I've seemd some XFS issue in git7 which was released a moment ago. I'll 
test it.

Jan Dittmer wrote:
> kernel schrieb:
>> I have the same problem, but it seems not have a patch right now.
>>
>
> No, I got zero feedback, but let's cc the correct
> mailing list. I also filed bug 6877 at kernel.org
>
> Regards,
>
> Jan
>
>> Jan Dittmer wrote:
>>
>>> Got the following oops from xfs. Afterwards lots of processes in D
>>> state, probably trying to read the partition in question.
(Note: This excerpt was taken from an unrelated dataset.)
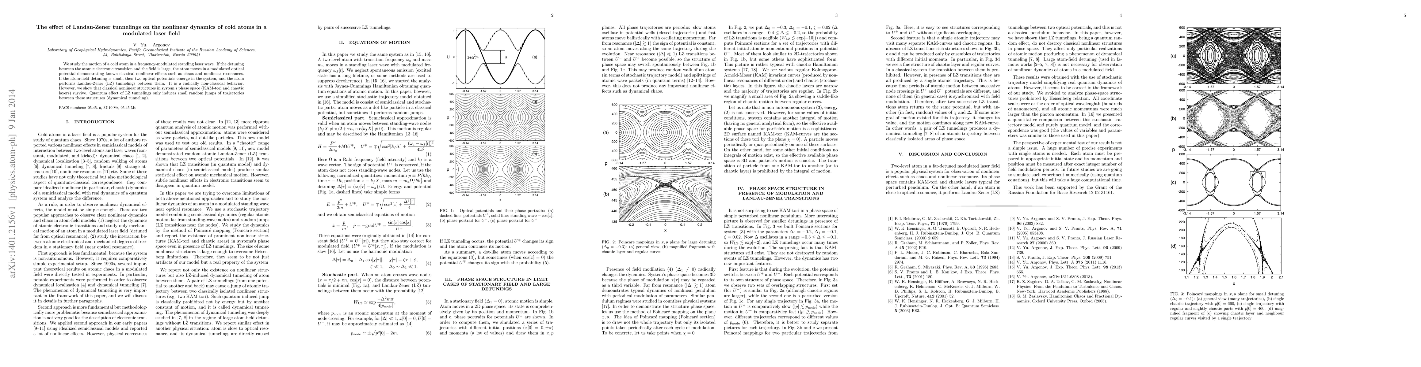 We study the motion of a cold atom in a frequency-modulated standing laser wave. If the detuning between the atomic electronic transition and the field is large, the atom moves in a modulated optical potential demonstrating known classical nonlinear effects such as chaos and nonlinear resonances. If the atom-field detuning is small, then two optical potentials emerge in the system, and the atom performs Landau-Zener (LZ) tunnelings between them. It is a radically non-classical behavior. However, we show that classical nonlinear structures in system's phase space (KAM-tori and chaotic layers) survive. Quantum effect of LZ tunnelings only induces small random jumps of trajectories between these structures (dynamical tunneling).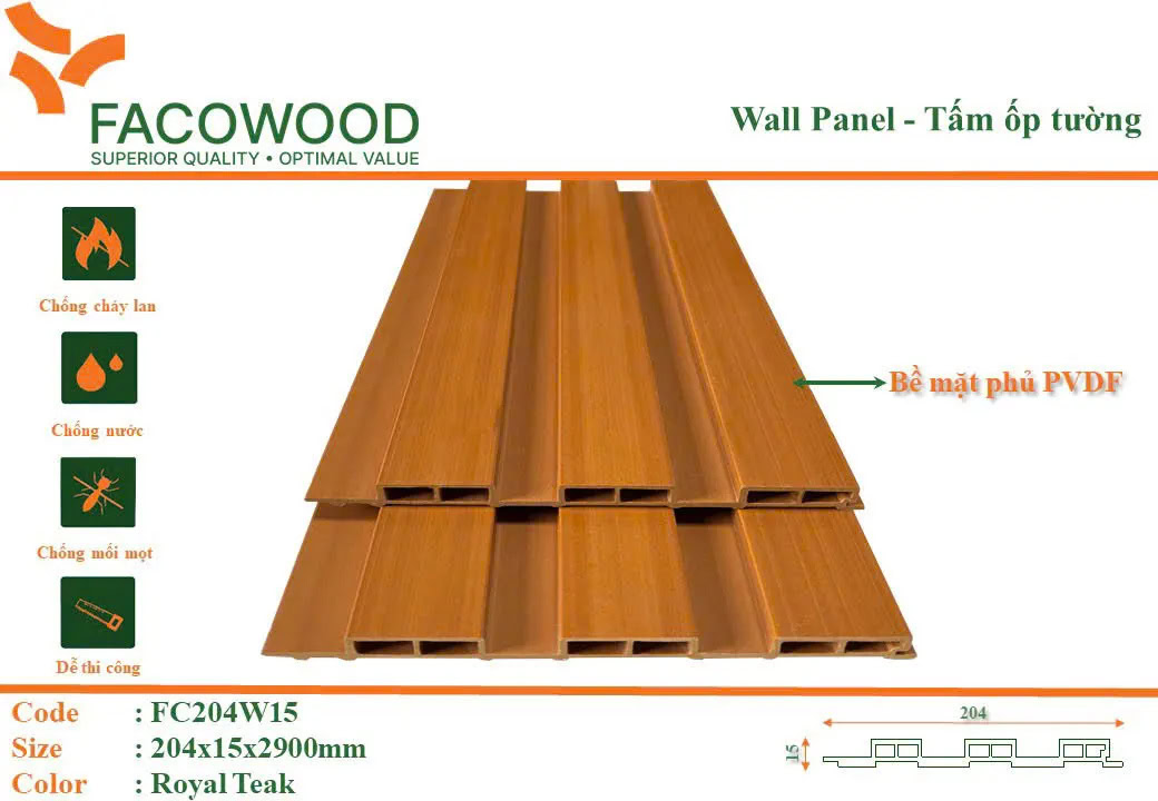 Đặc điểm của Tấm ốp lam sóng Facowood FC204W15 Royal Teak

Kernel
>>> 2.6.18-rc2
>>>
>>> [196027.687020] BUG: unable to handle kernel NULL pointer 
>>> dereference at virtual address 00000060
>>> [196027.687216]  printing eip:
>>> [196027.687273] c01acc00
>>> [196027.687275] *pde = 00000000
>>> [196027.687337] Oops: 0000 [#1]
>>> [196027.687395] SMP
>>> [196027.687458] Modules linked in: rfcomm l2cap bluetooth nfsd 
>>> exportfs lockd nfs_acl sunrpc pppoe pppox ipv6 ppp_generic slhc 
>>> twofish serpent aes blowfish sha256 crypto_null ipt_LOG ipt_recent 
>>> ipt_TCPMSS xt_tcpmss xt_tcpudp xt_state iptable_filter 
>>> ipt_MASQUERADE iptable_nat ip_tables x_tables dm_mod ip_nat_ftp 
>>> ip_nat ip_conntrack_ftp ip_conntrack nfnetlink tun vfat fat loop lp 
>>> eeprom i2c_dev i2c_isa usb_storage button processor ac e100 
>>> snd_seq_dummy snd_seq_oss snd_seq_midi snd_seq_midi_event snd_seq 
>>> cx88_dvb cx88_vp3054_i2c mt352 dvb_pll or51132 video_buf_dvb 
>>> dvb_core nxt200x isl6421 zl10353 cx24123 lgdt330x cx22702 cx8802 
>>> snd_via82xx firmware_class snd_ac97_codec cx2341x snd_ac97_bus 
>>> cx88xx snd_pcm_oss ir_common snd_mixer_oss video_buf tveeprom 
>>> compat_ioctl32 snd_pcm snd_timer snd_page_alloc snd_mpu401_uart 
>>> via_agp btcx_risc snd_rawmidi snd_seq_device videodev agpgart 
>>> v4l1_compat snd ehci_hcd via_rhine v4l2_common uhci_hcd soundcore 
>>> usbcore parport_pc parport floppy rtc
>>> [196027.690285] CPU:    0
>>> [196027.690286] EIP:    0060:[<c01acc00>]    Not tainted VLI
>>> [196027.690288] EFLAGS: 00210293   (2.6.18-rc2-ds666-via #9)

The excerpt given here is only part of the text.